Brief:
From the first record below to the last, retype each one exactly.

*** Opening Extracted records ***

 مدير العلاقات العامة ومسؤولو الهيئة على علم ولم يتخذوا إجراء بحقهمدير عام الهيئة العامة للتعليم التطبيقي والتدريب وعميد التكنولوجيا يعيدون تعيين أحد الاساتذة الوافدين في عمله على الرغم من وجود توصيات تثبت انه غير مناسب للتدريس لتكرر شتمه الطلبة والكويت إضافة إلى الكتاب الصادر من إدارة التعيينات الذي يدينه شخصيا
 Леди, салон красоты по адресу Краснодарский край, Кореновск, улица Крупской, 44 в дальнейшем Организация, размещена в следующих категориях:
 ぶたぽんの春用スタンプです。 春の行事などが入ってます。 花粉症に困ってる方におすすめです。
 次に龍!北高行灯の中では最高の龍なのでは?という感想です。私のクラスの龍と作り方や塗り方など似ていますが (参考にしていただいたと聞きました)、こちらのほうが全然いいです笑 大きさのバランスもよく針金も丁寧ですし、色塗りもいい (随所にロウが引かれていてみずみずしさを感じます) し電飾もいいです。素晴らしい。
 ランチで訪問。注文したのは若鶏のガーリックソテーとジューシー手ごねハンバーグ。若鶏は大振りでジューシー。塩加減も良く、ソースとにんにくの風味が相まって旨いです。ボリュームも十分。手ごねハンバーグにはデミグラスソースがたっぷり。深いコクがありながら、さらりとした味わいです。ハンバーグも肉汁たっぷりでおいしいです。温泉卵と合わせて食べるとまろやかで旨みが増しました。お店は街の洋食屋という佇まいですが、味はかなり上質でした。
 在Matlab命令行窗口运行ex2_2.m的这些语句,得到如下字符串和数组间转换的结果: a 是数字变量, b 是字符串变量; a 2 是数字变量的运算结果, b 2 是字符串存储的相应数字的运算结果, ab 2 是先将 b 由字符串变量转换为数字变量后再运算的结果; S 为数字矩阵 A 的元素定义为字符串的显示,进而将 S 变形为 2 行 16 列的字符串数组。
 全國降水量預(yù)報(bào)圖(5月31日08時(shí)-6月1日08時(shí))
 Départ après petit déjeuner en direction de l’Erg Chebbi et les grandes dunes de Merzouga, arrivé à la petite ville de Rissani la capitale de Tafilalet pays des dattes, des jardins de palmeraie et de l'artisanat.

*** Closing Extracted records ***

Exercise solution:
 مدير العلاقات العامة ومسؤولو الهيئة على علم ولم يتخذوا إجراء بحقهمدير عام الهيئة العامة للتعليم التطبيقي والتدريب وعميد التكنولوجيا يعيدون تعيين أحد الاساتذة الوافدين في عمله على الرغم من وجود توصيات تثبت انه غير مناسب للتدريس لتكرر شتمه الطلبة والكويت إضافة إلى الكتاب الصادر من إدارة التعيينات الذي يدينه شخصيا
 Леди, салон красоты по адресу Краснодарский край, Кореновск, улица Крупской, 44 в дальнейшем Организация, размещена в следующих категориях:
 ぶたぽんの春用スタンプです。 春の行事などが入ってます。 花粉症に困ってる方におすすめです。
 次に龍!北高行灯の中では最高の龍なのでは?という感想です。私のクラスの龍と作り方や塗り方など似ていますが (参考にしていただいたと聞きました)、こちらのほうが全然いいです笑 大きさのバランスもよく針金も丁寧ですし、色塗りもいい (随所にロウが引かれていてみずみずしさを感じます) し電飾もいいです。素晴らしい。
 ランチで訪問。注文したのは若鶏のガーリックソテーとジューシー手ごねハンバーグ。若鶏は大振りでジューシー。塩加減も良く、ソースとにんにくの風味が相まって旨いです。ボリュームも十分。手ごねハンバーグにはデミグラスソースがたっぷり。深いコクがありながら、さらりとした味わいです。ハンバーグも肉汁たっぷりでおいしいです。温泉卵と合わせて食べるとまろやかで旨みが増しました。お店は街の洋食屋という佇まいですが、味はかなり上質でした。
 在Matlab命令行窗口运行ex2_2.m的这些语句,得到如下字符串和数组间转换的结果: a 是数字变量, b 是字符串变量; a 2 是数字变量的运算结果, b 2 是字符串存储的相应数字的运算结果, ab 2 是先将 b 由字符串变量转换为数字变量后再运算的结果; S 为数字矩阵 A 的元素定义为字符串的显示,进而将 S 变形为 2 行 16 列的字符串数组。
 全國降水量預(yù)報(bào)圖(5月31日08時(shí)-6月1日08時(shí))
 Départ après petit déjeuner en direction de l’Erg Chebbi et les grandes dunes de Merzouga, arrivé à la petite ville de Rissani la capitale de Tafilalet pays des dattes, des jardins de palmeraie et de l'artisanat.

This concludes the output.